Straus’s sensitivity to nature and the changing seasons is heightened by his childhood experiences. Raised in South Florida, where climate shifts are minimal, he approaches the Northeast spring and summer with particular attentiveness. Now based on Long Island’s East End, he returns each year to the motifs of light, growth, and transformation, responding to the landscape as it comes briefly and vividly into bloom. Straus has said that his Florida childhood emersed in the natural world combined with a politically active family were the two most important influences to his life as an artist.

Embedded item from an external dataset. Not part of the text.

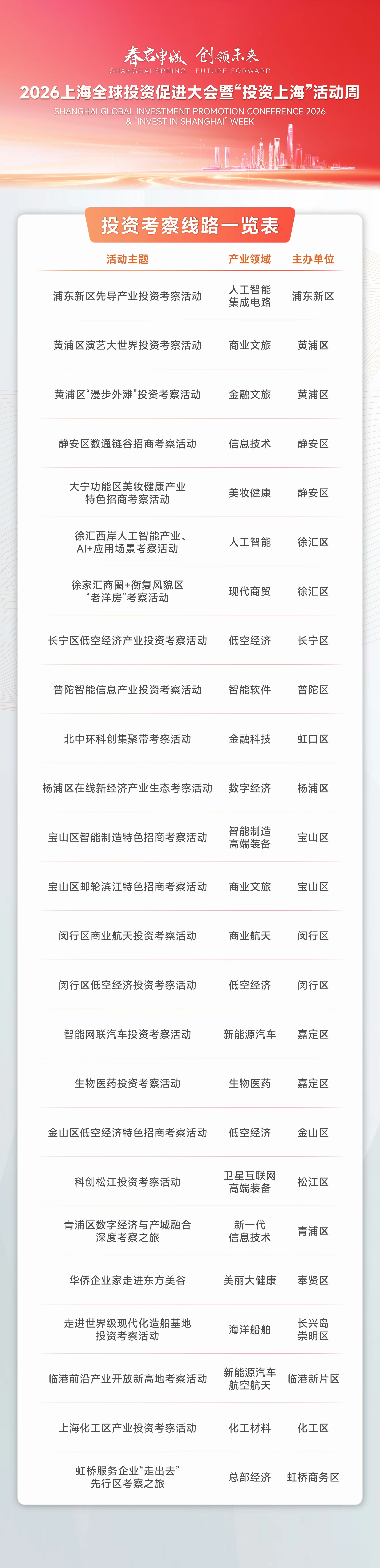 包括开展产业生态招商,组织20场重点产业推介,如宝山智能制造产业生态推介会、临港智能网联新能源汽车产融对接会等。同时,推出20多条特色考察路线,如浦东先导产业、徐汇人工智能、闵行商业航天等,让参会者深入产业园区、龙头企业实地考察。强化产融对接,聚焦金融赋能实体经济,举办投融资高峰论坛、产业并购峰会、银行赋能新质生产力论坛等活动。此外,还将发挥东方枢纽开放优势,举办全球招商合作伙伴座谈会、海外企业回访活动,进一步深化全球合作,扩大投资上海“朋友圈”。

“The older I get the more I am amazed at the beauty of the natural world surrounding us. Every year the miracle of spring brings an unbelievable feeling of rebirth. Many of my paintings stem from that,” Straus notes. “Occasionally we get to leave our habitats and really get out in it, so to speak, away from human intrusion where you can hear the inside machinery of your mind in the quiet. And when that happens, you begin to realize just how silly we often are. It humbles you and put us in our place. I think that this sense of being immersed in nature is being forgotten and is harder to find, which disturbs me and fuels my work.”

Straus sometimes paints over collages of newspapers and grocery shopping lists to contrast our day-to-day lives with the glories of nature. His great concern about environmental issues inspired his “glitch” paintings. He sends a landscape painting through an app that partially breaks up the image, he then selections portions of the pattern to use in his paintings, resulting in a metaphor for human destruction of the natural world.